Member of the U.S. House of Representatives from New York's 21st district
- In office November 5, 1929 – December 30, 1943
- Preceded by: Royal H. Weller
- Succeeded by: James H. Torrens

Member of the New York State Assembly from the New York County, 22nd district
- In office 1923–1929
- Preceded by: Michael E. Reiburn
- Succeeded by: Benjamin B. Mittler

Personal details
- Born: August 20, 1892 New York City, New York, U.S.
- Died: October 18, 1968 (aged 76) Putnam Memorial Hospital, Bennington, Vermont, U.S.
- Resting place: Gate of Heaven Cemetery
- Party: Democratic

= Joseph A. Gavagan =

American politician

Joseph Andrew Gavagan (August 20, 1892 – October 18, 1968) was an American politician, lawyer and World War I veteran who served seven terms as a United States representative from New York from 1929 to 1943.

==Early life==
Born in New York City on August 20, 1892, he attended the public and parochial schools and graduated from the law department of Fordham University in 1920.

== World War I ==
During World War I, he enlisted as a private and later was promoted to second lieutenant in the Quartermaster Corps and served from August 20, 1917, to October 13, 1919. He served at: Fort Totten, New York; Camp Alfred Vail, New Jersey; and Camp Gordon Johnston, Florida. He was a first lieutenant in the Quartermaster Reserve Corps from 1920 to 1925.

== Political career ==
Gavagan was admitted to the bar in 1920, and practiced law in New York City.

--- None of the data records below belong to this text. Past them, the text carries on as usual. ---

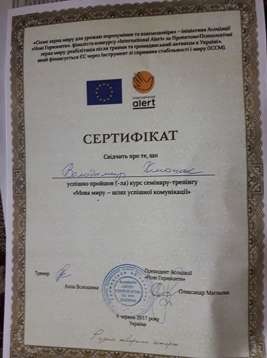 Проект «Сіємо зерна миру для урожаю порозуміння та взаємодовіри» реалізує відома в нашому краї Асоціація «Нові Горизонти» (Президент Олександр Магльона). Фінансує його Європейський Союз через Інструмент зі сприяння стабільності і миру (ІССМ). В рамках реалізації цього проекту 9 червня у мальовничому селі Жданівка на Дрогобиччині в садибі «Родинне гніздо» проходив семінар-тренінг «Мова миру – шлях успішної комунікації», участь в якому взяли представники міських та регіональних ЗМІ, громадських організацій, депутати, громадські діячі тощо.
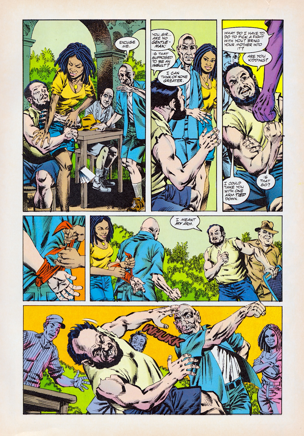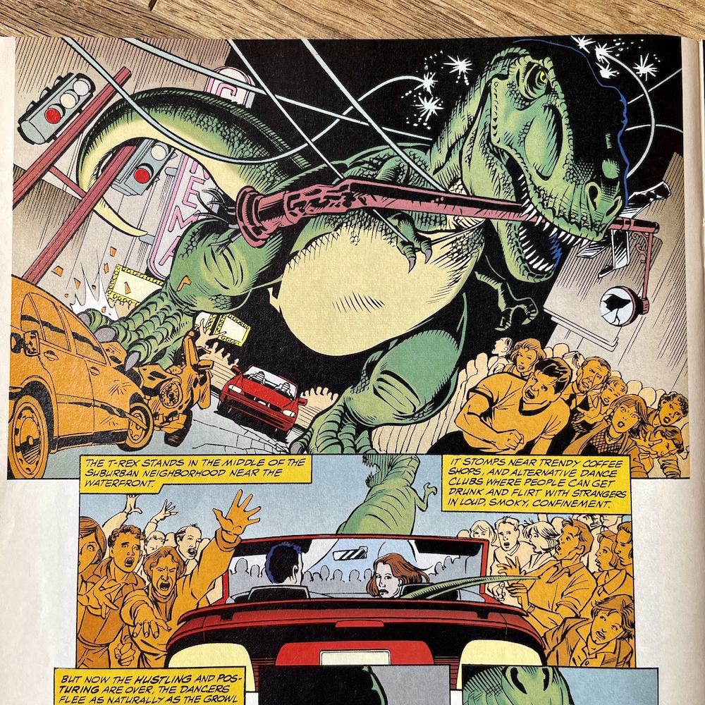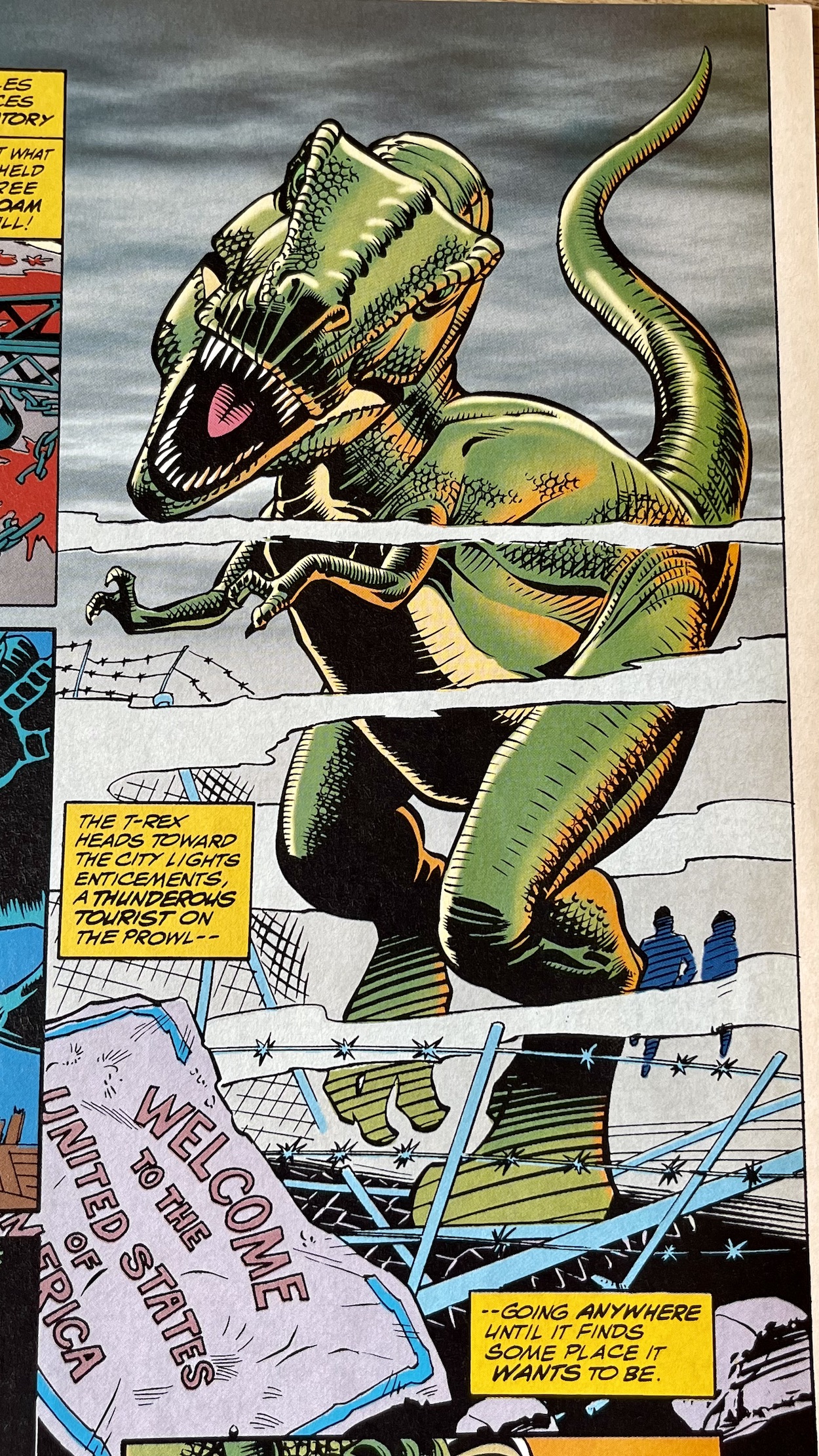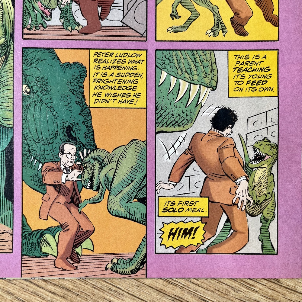 Coming in at 68 pages including a card cover, inside is all glossy and beautiful, the paper upgrade allowing artist Geoff Senior (who co-created the character for the Transformers but only drew one of the monthly issues) to return to the character in style and bring us a new level of colouring. Helen Stone (The Sleeze Brothers, The Real Ghostbusters, Knights of Pendragon) joins the team as letterer, Steve White (Xenozoic Tales, Rogue Trooper, The Lost World Jurassic Park) returns to edit and of course it’s all written by co-creator Simon Furman (Transformers, To the Death, Doctor Who), with Geoff (Hell’s Angel, Dragon’s Claws, Judge Dredd) and Walt Simonson (The Star Slammers, Jurassic Park, Thor) teaming up on the cover.
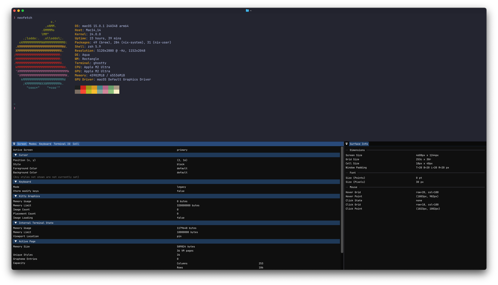 Ghostty is stacked with unique features, each crafted to elevate the terminal experience. For starters, there’s the Terminal Inspector—a real-time debugging tool that lets you peer into every detail of your terminal’s activity, from keystrokes to render timings. Ever wonder why something’s slowing down? The Terminal Inspector will show you precisely what’s happening under the hood, offering insight and transparency rarely seen in terminal emulators.
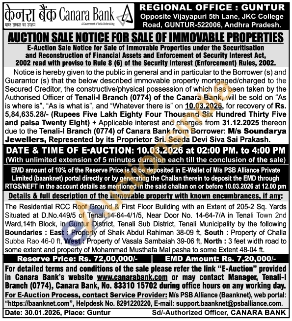 The Residential RCC Roof Ground & First Floor Building with an Extent of 205-2 Sq. Yards Situated at D.No.449/5 of Tenali, 14-64-4/1/5, Near Door No. 14-64-7/A in Tenali Town 2nd Ward, 14th Block, in Guntur District, Tenali Sub District, Tenali Municipality by the following Boundaries: East: Property of Shaik Abdul Rahiman 38-09 ft, South: Property of Challa Subba Rao 46-0 ft, West: Property of Vasala Sambaiah 39-06 ft, North: 3 feet width road to some extent and property of Mohammad Musthafa Mal pasha to some Extent 48-04 ft.
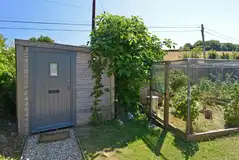 Cosy cabin sleeping two in a double bed, bedding and towels included. Well equipped kitchenette, table and TV. Outside a grassed area with bench. Shared facilities nearby.
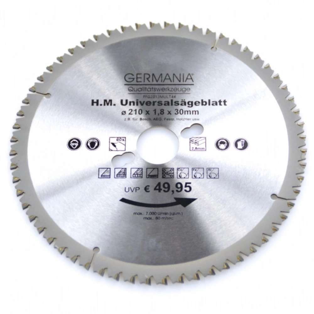 HM Multi Sägeblatt 210×30 mm mit 60 Zähnen universal für Alu, Holz, Kunststoff
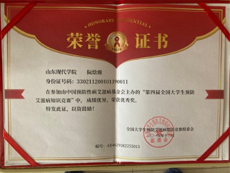 2、参加过第四届全国大学生预防艾滋病知识竞赛,并获得优秀奖;
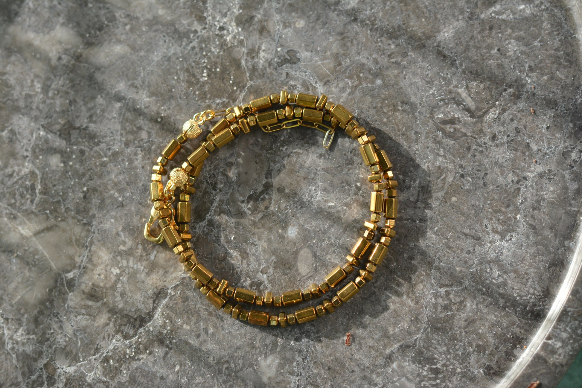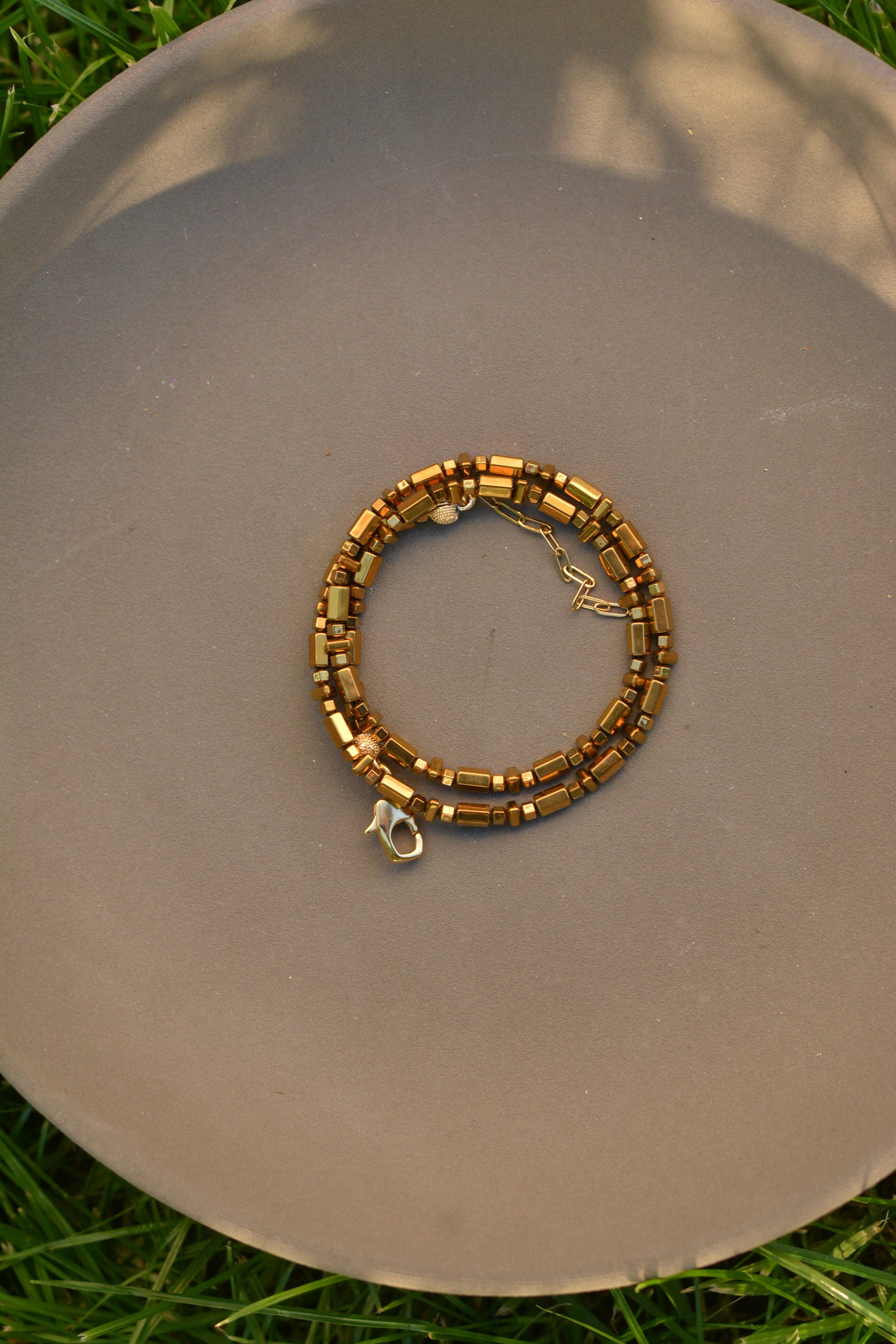 Doğal taşlar ve altın kaplama parçalar içeren koleksiyonlarımızın uzun ömürlü olması için, parfüm, krem ve alkol gibi kimyasallarla temasından kaçınılmasını öneririz. Bu tür maddeler, taşların doğal yapısını ve kaplamaların dayanıklılığını olumsuz etkileyebilir. Ürünlerinizi korumak için bu tür dış etkenlerden uzak tutmanız önemlidir.
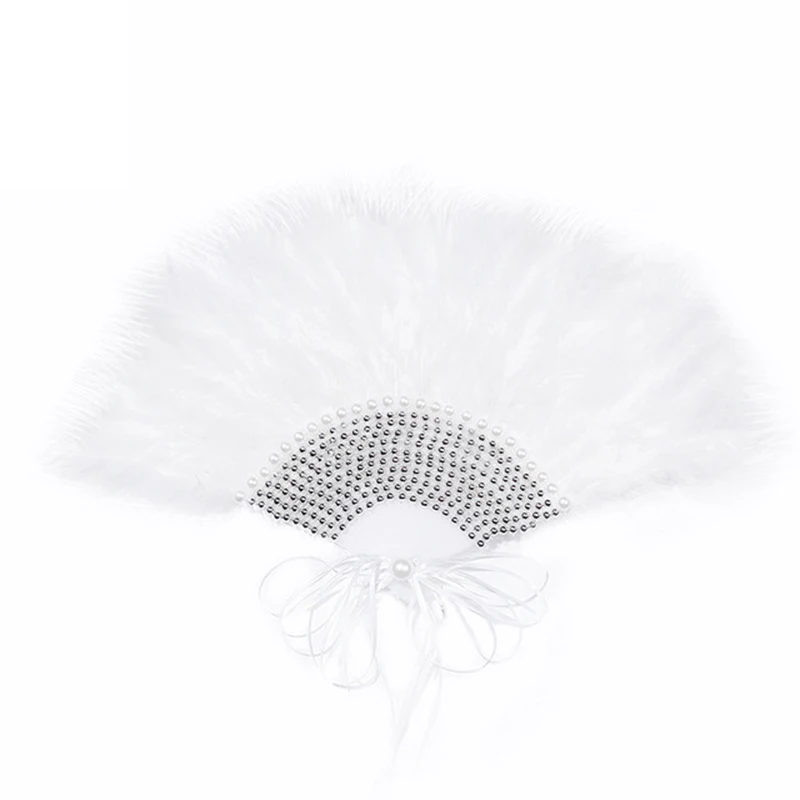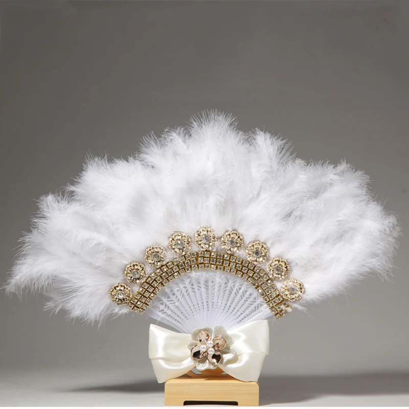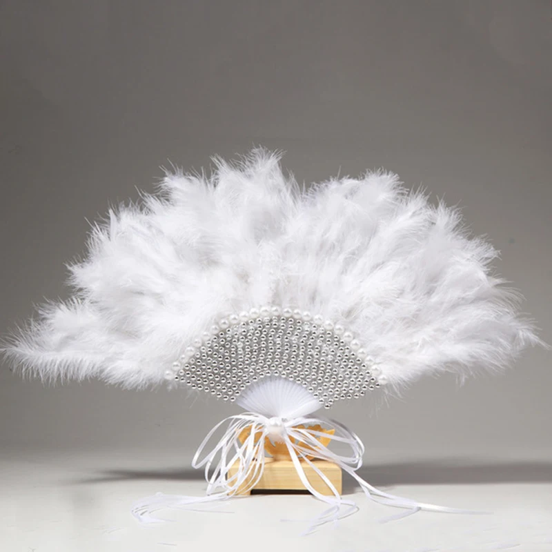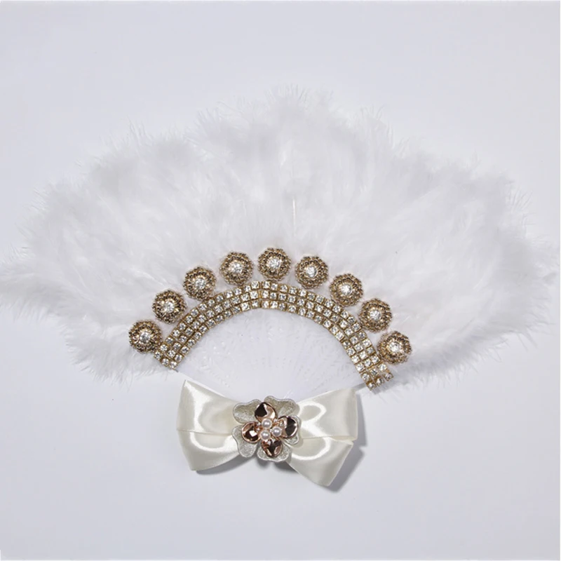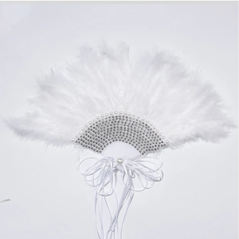 Свадебный веер ручной работы, портативный, с перьями, белый, свадебные Фанаты

A Democrat, he was a member of the New York State Assembly (New York Co., 22nd D.) in 1923, 1924, 1925, 1926, 1927, 1928 and 1929.

==Congressman==

Gavagan was elected to the 71st United States Congress to fill the vacancy caused by the death of Royal H. Weller; he was re-elected to the 72nd and to the six succeeding Congresses and held office from November 5, 1929, to December 30, 1943, when he resigned. While in the House of Representatives, he was chairman of the Committee on Elections No. 2 (Seventy-second through Seventy-sixth Congresses) and Committee on War Claims (Seventy-seventh and Seventy-eighth Congresses).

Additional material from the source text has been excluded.